Wine by the Numbers

Rating the Wine Rating Systems

People turn to wine critics to tell them what’s really inside that expensive bottle (or that cheap one) and how various wines compare. Some critics are famous for their detailed wine tasting notes (Michael Broadbent comes to mind here) that provide comprehensive qualitative evaluation of wines, but with so many choices in today’s global market it is almost inevitable that quantitative rating scales would evolve. They simplify wine evaluation, which is what many consumers are looking for, but they have complicated matters, too, because there is no single accepted system to provide the rankings.

I’m interested in the variety of wine rating systems and scales that wine critics employ and the controversies that surround them. This blog entry is a intended to be a brief guide for the perplexed, an analysis of the practical and theoretical difficulties of making and using wine ranking systems.

Wine Rating Scales: 100-points, 20-points, Three Glasses and More

winescales.jpgThe first problem is that different wine critic publications use different techniques to evaluate wine and different rating scales to compare them. Click on this image to see a useful comparison of wine rating systems compiled by De Long Wine(click here to download the pdf version, which is easier to read).

Robert Parker’s Wine Advocate, the Wine Spectator and Wine Enthusiast all use a 100-point rating scale, although the qualitative meanings associated with the numbers are not exactly the same. It is perhaps not an accident that these are all American publications and that American wine readers are familiar with 100-point ratings from their high school and college classes.

In theory a 100-point system allows wine critics to be very precise in their relative ratings (a 85-point syrah really is better than an 84-point syrah) although in practice many consumers may not be able to appreciate the distinction.
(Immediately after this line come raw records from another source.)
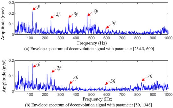 Figure 19a shows the envelope spectrum obtained by denoising the TVFEMD reconstruction results after changing the filter length in the optimal parameter combination [234.31348] to 600. Compared to Figure 18, it can be seen that due to the presence of more noises in the reconstructed signal, the harmonics of the inner-race fault frequency in the envelope spectrum become blurred. Only the inner-race fault frequency and the 2-, 3-, 4-, and 5-order harmonics (, , , ) can be observed, and the overall amplitude of the spectral lines is lower than that in Figure 18.
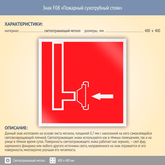 Знак F08 «Пожарный сухотрубный стояк» (светоотражающий металл, 400х400 мм) в Кызыле купить
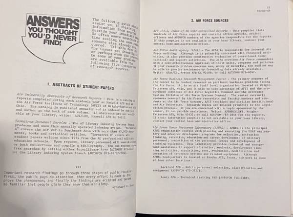 A binder with the curriculum of a US Army Air Force pilot, “Communicating To Manage In Tomorrow’s Air Force.” Publication from 1976.
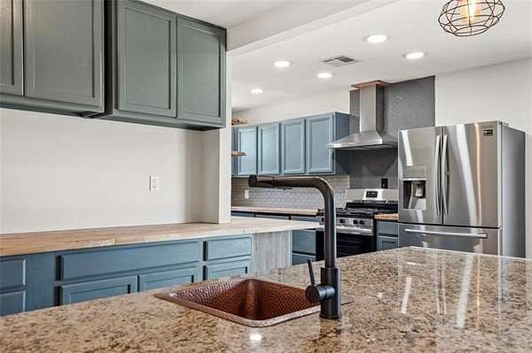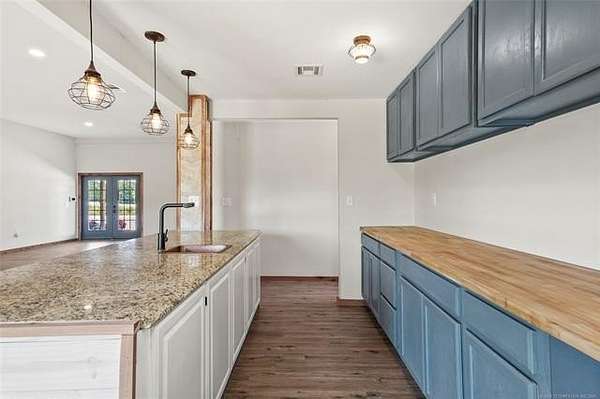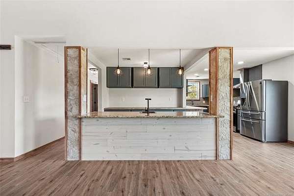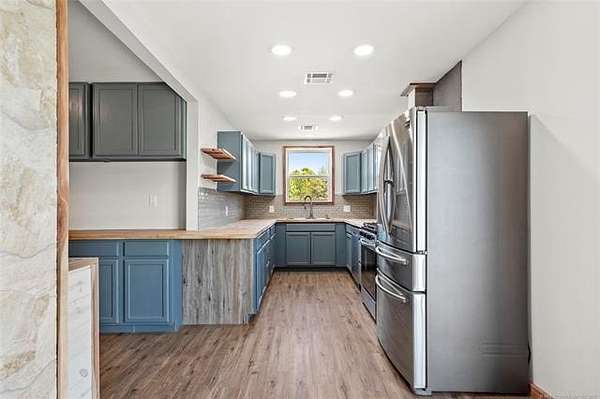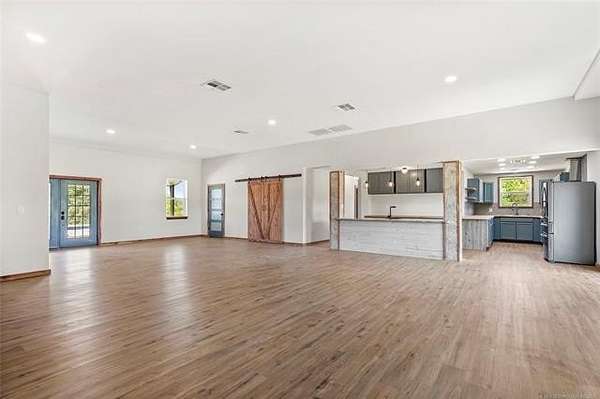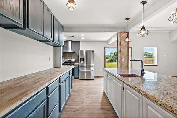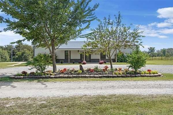 Here's your chance .. Back on market at no fault to seller . This Stunning Barndominium on 8.9 m/l Acres - Fully Renovated & Move-In Ready! Experience the perfect blend of modern comfort and country charm in this beautifully renovated 4-bedroom, 2-bathroom barndominium, nestled on 8.9m/l picturesque acres. Step inside to a spacious living room featuring tall ceilings, a custom accent wall, and a cozy fireplace, all open to the gourmet kitchen -- an entertainer's dream! Enjoy a large center island with a bar sink, gorgeous butcher block countertops, stainless steel appliances, a gas stove, coffee bar, and abundant cabinet and counter space. The home also offers a dedicated dining area, an office/flex room, and a large utility room. Each bedroom includes a walk-in closet, while the oversized master suite features a luxurious private bath with a double vanity, custom tile work, and a large walk-in closet. Barn-style doors and cedar trim throughout add a rustic - modern touch, and the second full bath includes a beautifully tiled walk-in shower. Everything in the home is brand new with a fresh, modern renovation. Enjoy outdoor living with a covered front porch and back patio, thoughtfully landscaped surroundings, fruit trees, a peaceful pond, and a storage building -- plus stunning sunset views and frequent wildlife sightings. All the tranquility of country living, just minutes from town!
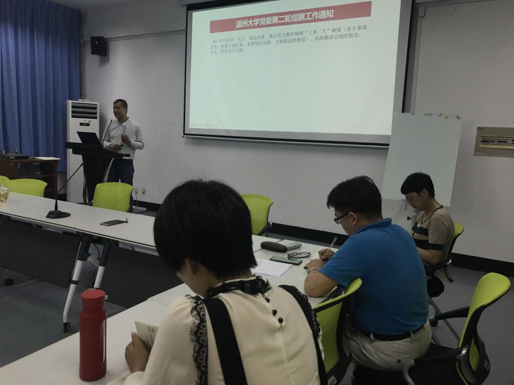 党总支书记周荣就学校党委对加拿大28预测 党总支的巡察工作进行动员和工作部署。周荣书记向全体教职工传达了温州大学党委第二轮巡察工作通知文件和对接会精神,他要求全体教职工要严肃认真对待巡察工作,统一思想,了解巡察工作内容、目的和工作安排,以“治病防病”、促进加拿大28预测 健康发展的心态积极配合,希望通过本次巡察工作能发现问题,解决问题,从而促进改革,推动加拿大28预测 发展。
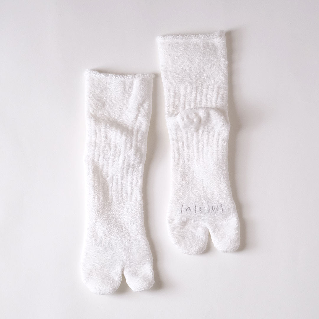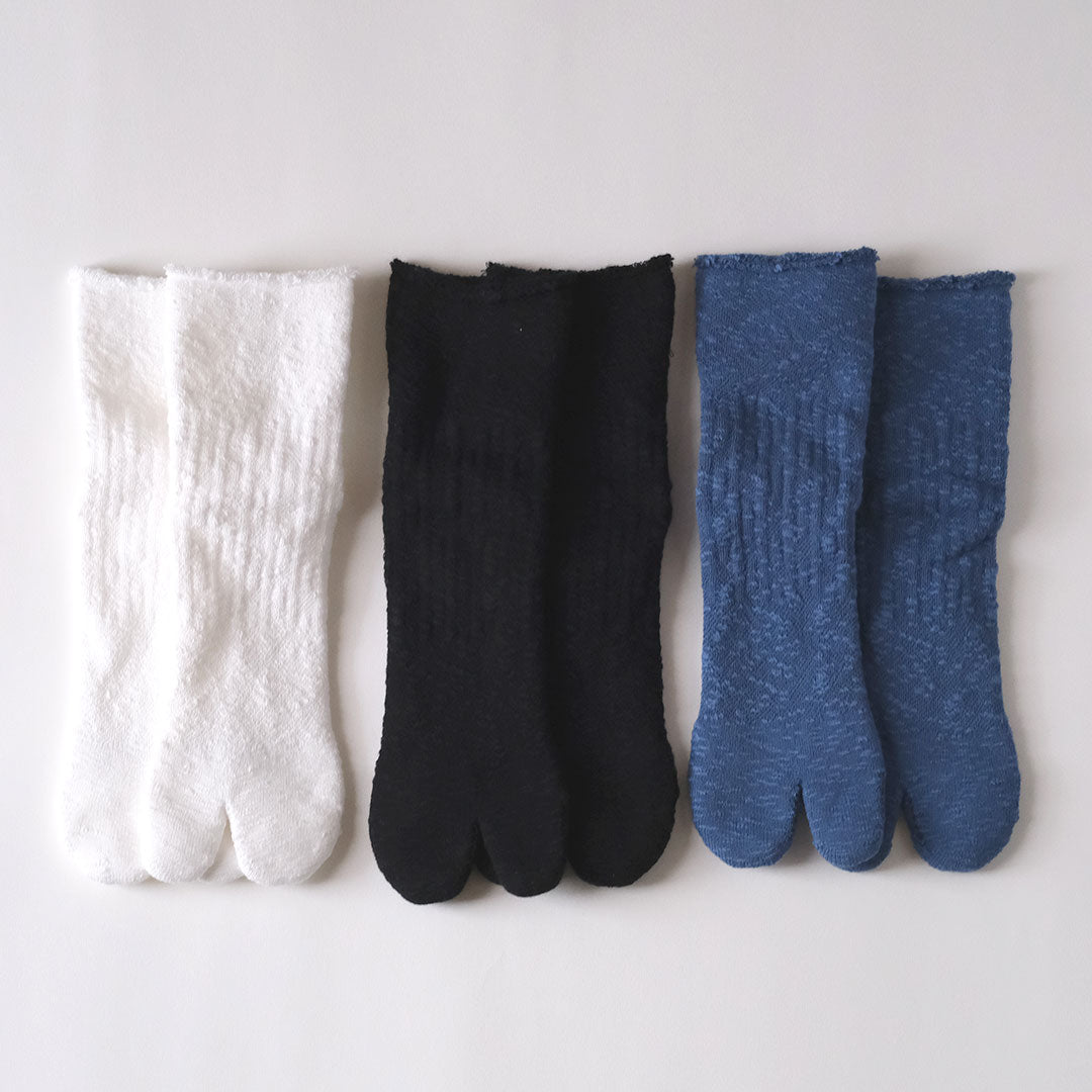 歩き疲れを和らげるやさしい肌触りのコットンパイル地で仕立てた、足袋型ウォーキングソックス。70年以上の歴史をもつ靴下メーカーが手掛ける、SYN:のWALKING SOCKSをご紹介します。

Significantly, it is not really a 100-point scale since 50 points is functionally the lowest grade and it is rare to see wines rated for scores lower than 70, so the scale is not really as precise as it might seem. ( Any professor or teacher will tell you, there has been both grade inflation and grade compression in recent years and this applies to wine critics too, I believe.)

The 100-point scale is far from universal. The enologists at the University of California at Davis use a 20-point rating scale, as does British wine critic Jancis Robinson and Decanter, the leading global wine magazine. The 20-point scale actually corresponds to how students are graded in French high schools and universities, so perhaps that says something about its origins.

The Davis 20-point scale gives up to 4 points for appearance, 6 points for smell, 8 points for taste and 2 for overall harmony, according to my copy of The Taste of Wine by Emile Peynaud. The Office International du Vin’s 20-point scale has different relative weights for wine qualities; it awards 4 points for appearance, 4 for smell and 12 for taste. Oz Clarke’s 20 point system assigns 2, 6 and 12 points for look, smell and taste. It’s easy to understand how the same wine can receive different scores when different critics used different criteria and different weights.

A 20-point scale (which is often really a 10-point scale) offers less precision in relative rankings, since only whole and half point ratings are available, but this may be appropriate depending upon how the ratings are to be used. Wines rated 85, 86 and 87 on a 100-point scale, for example, might all receive scores of about 16 on a 20 point scale. It’s up to you to decide if the finer evaluative grid provides useful information.

Decanter uses both a 20-point scale and as well as simple guide of zero to five stars to rate wines, where one star is “acceptable”, two is quite good, three is recommended, four is highly recommended and five is, well I suppose an American would say awesome, but the British are more reserved. Dorothy J. Gaiter and John Brecher (who write an influential wine column for the Wall Street Journal) also use a five point system; they rates wines from OK to Good, Very Good, Delicious and Delicious(!).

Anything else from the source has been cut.